According to an estimate by collection agency Morgan & Stout, the total value of unpaid utility bills stood at 113 billion rubles ($37,000) as of July 2012.
Still, Moscow residents pay relatively low prices for electricity and gas compared with counterparts in other European countries. Authorities have made it clear that the situation won’t be tolerated for long.
In the future, households will pay for electricity at similar rates as companies, said Andrei Chibis, a head of the governmental expert council. That will be the case despite the fact that they use only 12 percent of the total amount consumed.

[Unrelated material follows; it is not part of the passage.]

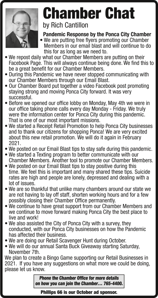 For only $75 your company flyer can be added to our email blast. It will run for 4 weeks or at least in 8 emails. Contact Zach by email zach@poncacitychamber.com if you would like to add your flyer to our email blast. Also if you don't have a flyer Zach can help you create one.

Navalny’s RosZkh project has earned the attention of Nikolai Vasyutin, the chief federal inspector for housing services.
He stated in a letter to his subordinates in November that complaints via the Internet regarding housing services were on a “massive scale.”
“It is a clear attempt by the opposition to discredit all branches of power,” Vasyutin said in the letter, published on his official website.
But Vasyutin, who has been in his post since 2003, also asked workers on the ground to be patient, pay attention to complaints and provide “justified answers.”
“In essence, our tasks are similar,” he said about Navalny’s project.
The rather balanced reaction from a seasoned bureaucrat shows that authorities are worried that the situation might fuel social unrest, experts said.
Some regions experienced waves of protest after the rate increase this summer. In Pervouralsk, in the Sverdlovsk region, locals stormed the mayor’s office and demanded that he address the increase.
The matter is part of federal authorities’ jurisdiction, however.
Some experts recall a similar situation in 2005, when the government decided to cancel entitlements for state employees in exchange for financial compensation. The move triggered a wave of mass demonstrations by pensioners and social workers in Moscow and other big cities.
“That reform was an acid test. If people had rallied [then] in the numbers like they did on Bolotnaya [Ploshchad], we would live in a different country now,” Krimsky said, making a reference to the large-scale protests of election results that took place in Moscow a year ago.
But Alexander Donskoi, former mayor of Arkhangelsk, who dealt with housing problems while in office, said people are not ready to protest over that issue.
“I was often surprised by our people, since they are very patient,” Donskoi said. “They might live in an apartment block that is falling apart without even trying to fight for their rights. They sit and wait for Putin to come and fix their problems.”